Scaling responsible machine learning at the BBC
Head of Data Science and Architecture, BBC D&E
Machine learning is a set of techniques where computers can ‘solve’ problems without being explicitly programmed with all the steps to solve the problem, within the parameters set and controlled by data scientists working in partnership with editorial colleagues.
The BBC currently uses machine learning in a range of ways – for example to provide users with personalised content recommendations, to help it understand what is in its vast archive, and to help transcribe the many hours of content we produce. And in the future, we expect that machine learning will become an ever more important tool to help the BBC create great audience experiences.
The BBC was founded in 1922 in order to inform, educate and entertain the public. And we take that purpose very seriously. We are governed by our Royal Charter and public service is at the heart of everything we do. This means that we act on behalf of our audience by giving them agency and that our organisation exists in order to serve individuals and society as a whole rather than a small set of stakeholders.
With Machine Learning becoming a more prevalent aspect of everyday life, our commitment to audience agency is reflected in this area as well. And so in 2017, we submitted a written commitment to the House of Lords Select Committee on Artificial Intelligence in which we promised to be leading the way in terms of responsible use of all AI technologies, including machine learning.
But what does this mean in practice?
For the last couple of months, we have been bringing together colleagues from editorial, operational privacy, policy, research and development, legal and data science teams in order to discuss what guidance and governance is necessary to ensure our machine learning work is in line with that commitment.
Together, we agreed that the BBC’s machine learning engines will support public service outcomes (i.e. to inform, educate and entertain) and empower our audiences.
This statement then led to a set of BBC Machine Learning Principles:
The BBC’s Values
1. The BBC’s ML engines will reflect the values of our organisation; upholding trust, putting audiences at the heart of everything we do, celebrating diversity, delivering quality and value for money and boosting creativity.
2. Our audiences create the data which fuels some of the BBC’s ML engines, alongside BBC data. We hold audience-created data on their behalf, and use it to improve their experiences with the BBC.
3. Audiences have a right to know what we are doing with their data. We will explain, in plain English, what data we collect and how this is being used, for example in personalisation and recommendations.

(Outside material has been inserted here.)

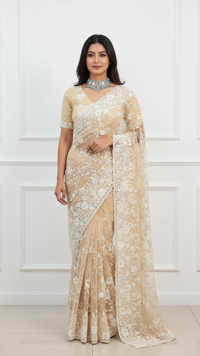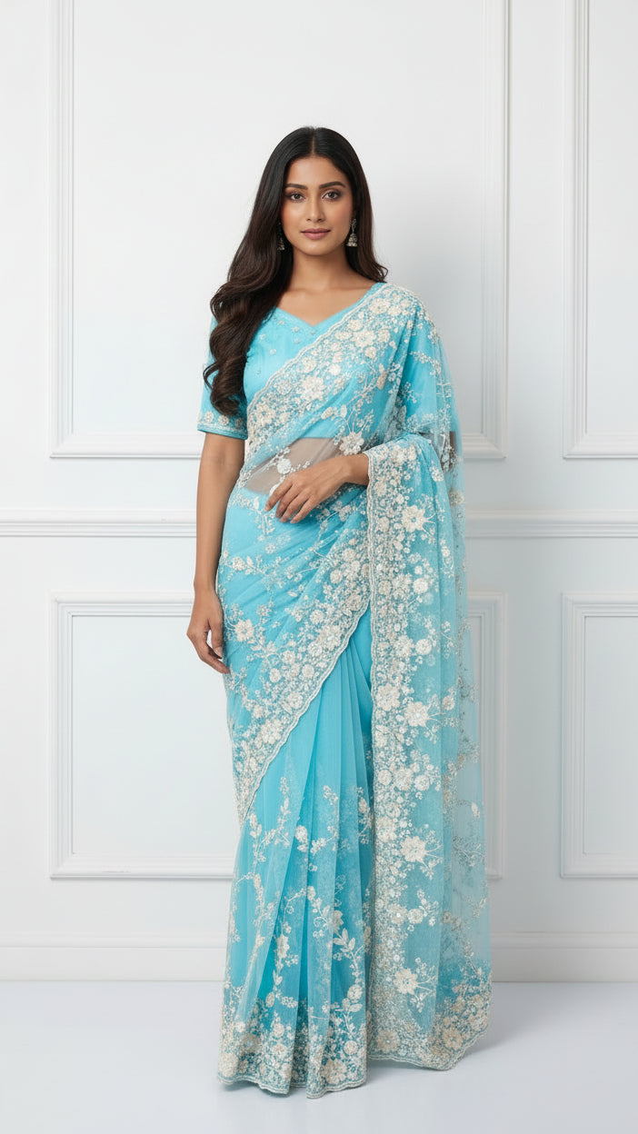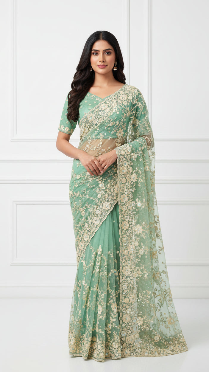 Pair it with statement jewellery and a complementing blouse to complete a look that blends classic tradition with contemporary charm.

Responsible Development of Technology
4. The BBC takes full responsibility for the functioning of our ML engines (in house and third party). Through regular documentation, monitoring and review, we will ensure that data is handled securely. And that our algorithms serve our audiences equally and fairly, so that the full breadth of the BBC is available to everyone.
5. Where ML engines surface content, outcomes are compliant with the BBC’s editorial values (and where relevant as set out in our editorial guidelines). We will also seek to broaden, rather than narrow, our audience’s horizons.
6. ML is an evolving set of technologies, where the BBC continues to innovate and experiment. Algorithms form only part of the content discovery process for our audiences, and sit alongside (human) editorial curation.
These principles are supported by a checklist that gives practitioners concrete questions to ask themselves throughout a machine learning project. These questions are not formulated as a governance framework that needs to be ticked off, but instead aim to help teams building machine learning engines to really think about the consequences of their work. Teams can reflect on the purpose of their algorithms; the sources of their data; our editorial values; how they trained and tested the model; how the models will be monitored throughout their lifecycle and their approaches to security and privacy and other legals questions.
While we expect our six principles to remain pretty consistent, the checklist will have to evolve as the BBC develops its machine learning capabilities over time.
The Datalab team is currently testing this approach as they build the BBC’s first in-house recommender systems, which will offer a more personalised experience for BBC Sport and BBC Sounds. We also hope to improve the recommendations for other products and content areas in the future. We know that this framework will only be impactful if it is easy to use and can fit into the workflows of the teams building machine learning products.
The BBC believes there are huge benefits to being transparent about how we’re using Machine Learning technologies. We want to communicate to our audiences how we’re using their data and why. We want to demystify machine learning. And we want to lead the way on a responsible approach. These factors are not only essential in building quality ML systems, but also in retaining the trust of our audiences.
This is only the beginning. As a public service, we are ultimately accountable to the public and so are keen to hear what you think of the above.